I'll rebase this once that's in.

Turns out there wasn't any conflict, but I've tried to clean this up a little and add a few more tests.

I was hoping to find a more general solution for min/max with nots, but I'm not seeing it, so just a few nits in the inline comments.
Craig's been fighting infinite loops in this area, so let's see if he has any comments on the safety constraints.

lib/Transforms/InstCombine/InstCombineAddSub.cpp
1670 ↗	(On Diff #166727)	typo: invertible
1683–1684 ↗	(On Diff #166727)	The uses constraints deserve a code comment.
lib/Transforms/InstCombine/InstCombineInternal.h
181 ↗	(On Diff #166727)	typo: invertible
181–183 ↗	(On Diff #165778)	This is similar to what I was imagining in a comment in D51964, but I'm still not sure if we need to special-case min/max patterns for the extra-uses. The LHS->hasNUsesOrMore(3) hack in the caller might be enough...

In D52177#1244827, @spatel wrote:

I was hoping to find a more general solution for min/max with nots, but I'm not seeing it, so just a few nits in the inline comments.

I have another I'm afraid. Over in D52508.

Craig's been fighting infinite loops in this area, so let's see if he has any comments on the safety constraints.

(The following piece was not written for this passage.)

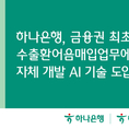 (조세금융신문=구재회 기자) 하나은행은 금융권 최초로, 하나금융티아이의 사내 독립기업인 하나금융융합기술원의 자체 개발 AI 기술을 도입한 'AI 수출환어음매입 전산 자동화' 서비스를 시행한다고 밝혔다고 24일 밝혔다. 하나금융융합기술원이 자체 개발한 AI 기술, ‘리딧(READIT) v3.0'이 도입된 이번 『AI 수출환어음매입 전산 자동화』 서비스는 비정형화된 수출 서류를 자동으로 분류하고 매입 정보 등 핵심 데이터를 디지털로 빠르게 추출하도록 구현되었으며, 정보 오입력 등 기존 수기 작성 방식에서 발생했던 오류를 최소화 함으로써 업무 편의성과 효율성을 높일 수 있게 됐다. 또한, 은행으로 집중되는 다양한 케이스의 수출 관련 문서를 학습하여 얻은 방대하고 다양한 패턴의 문자를 자체적으로 인식하고 생성할 수 있는 기술을 통해, 정확한 문자 인식 정보를 제공받을 수 있어 수출 업무 처리의 정확도가 향상 될 수 있을 것으로 기대된다. 앞으로도, 하나은행은 이번 『AI 수출환어음매입 전산 자동화』 서비스 시행을 시작으로, 자체 개발한 AI 기술인 ‘리딧(READIT) v3.0을 활용한 AI 기반의 수출 서류 심사 및 수출 서류 작성 서비스도 시행할 예정이다. 하나
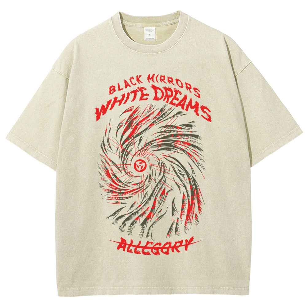 "Black Mirrors White Dreams" Theme Washed T-Shirt

Any suggestions on finding these? I've run the testsuite and a bootstrap, I presume that wouldn't catch much?

lib/Transforms/InstCombine/InstCombineInternal.h
181–183 ↗	(On Diff #165778)	The LHS->hasNUsesOrMore(3) isn't _meant_ as a hack. Unless you mean it's ugly? It should have 2 uses from the min/max, so 3+ means we wouldn't invert all uses. The motivating case here (umin3_not_all_ops_extra_uses_invert_subs) is something like min(min(not(a), not(b)), not(c)), but with subs in there too. So there's two min's, one we are folding from, and other we are checking is freely invertible. That's what this is trying to catch. I was reluctant to make IsFreeToInvert recursive, but that would make it more powerful and remove the need for just checking m_Not's here.

Added a comment and correct spelling

spatel added inline comments.Sep 25 2018, 10:51 AM

lib/Transforms/InstCombine/InstCombineInternal.h
181–183 ↗	(On Diff #165778)	Yeah - the hack comment was really about the ugliness, and the root cause of that is not having intrinsics for integer min/max...but it'd still be easier reading if we had hasNUsesOrLess()?

In D52177#1245359, @dmgreen wrote:

Craig's been fighting infinite loops in this area, so let's see if he has any comments on the safety constraints.

Any suggestions on finding these? I've run the testsuite and a bootstrap, I presume that wouldn't catch much?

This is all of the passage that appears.